I have created a customer docker container using an Amazon tensorflow container as a starting point:
763104351884.dkr.ecr.us-west-2.amazonaws.com/tensorflow-training:1.15.2-gpu-py36-cu100-ubuntu18.04
inside the container I run a custom keras (with TF backend) training job from the docker SAGEMAKER_PROGRAM. I can access the training data ok (from an EFS mount) and can generate output into /opt/ml/model that gets synced back to S3. So input and output is good: what I am missing is real-time monitoring.
A Sagemaker training job emits system metrics like cpu and gpu loads which you can conveniently view in real-time on the Sagemaker training job console. But I cannot find a way to emit metrics about the progress of the training job. i.e. loss, accuracy etc from my python code.
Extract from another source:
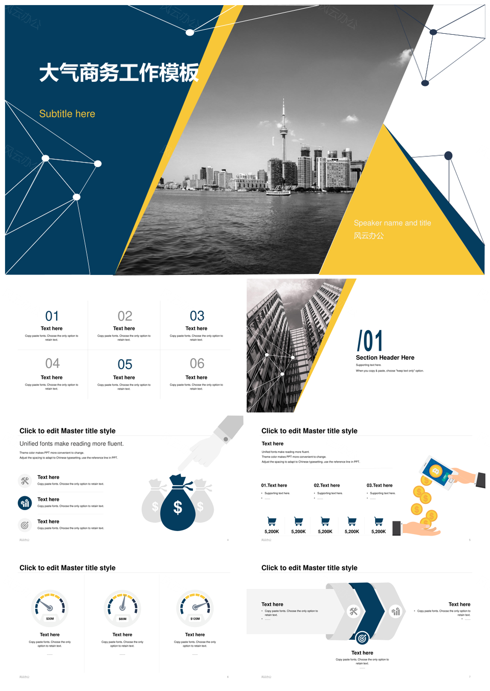 风云办公提供的蓝黄点线面商务城市计划汇报PPT模板,下载格式为pptx,一共31页,作品中文字及图均可以修改和编辑,图片更改请在作品中右键图片并更换,文字修改请直接点击文字进行修改。

Actually, ideally I would like to use Tensorboard but as Sagemaker doesn't expose the instance on the EC2 console I cannot see how I can find the IP address of the instance to connect to for Tensorboard.
So the fallback is try and emit relevant metrics from the training code so that we can monitor the job as it runs.
The basic question is how do I real-time monitor key metrics for my custom training job runnning in a container on Sagemaker training job: - Is a tensorboard solution possible? If so how? - If not how do I emit metrics from my python code and have them show up in the training job console or as cloudwatch metrics directly?
BTW: so far I have failed to be able to get sufficient credentials inside the training job container to access either s3 or cloudwatch.
If you're using customer images for training, you can specify a name and a regular expression for metrics you want to track for training.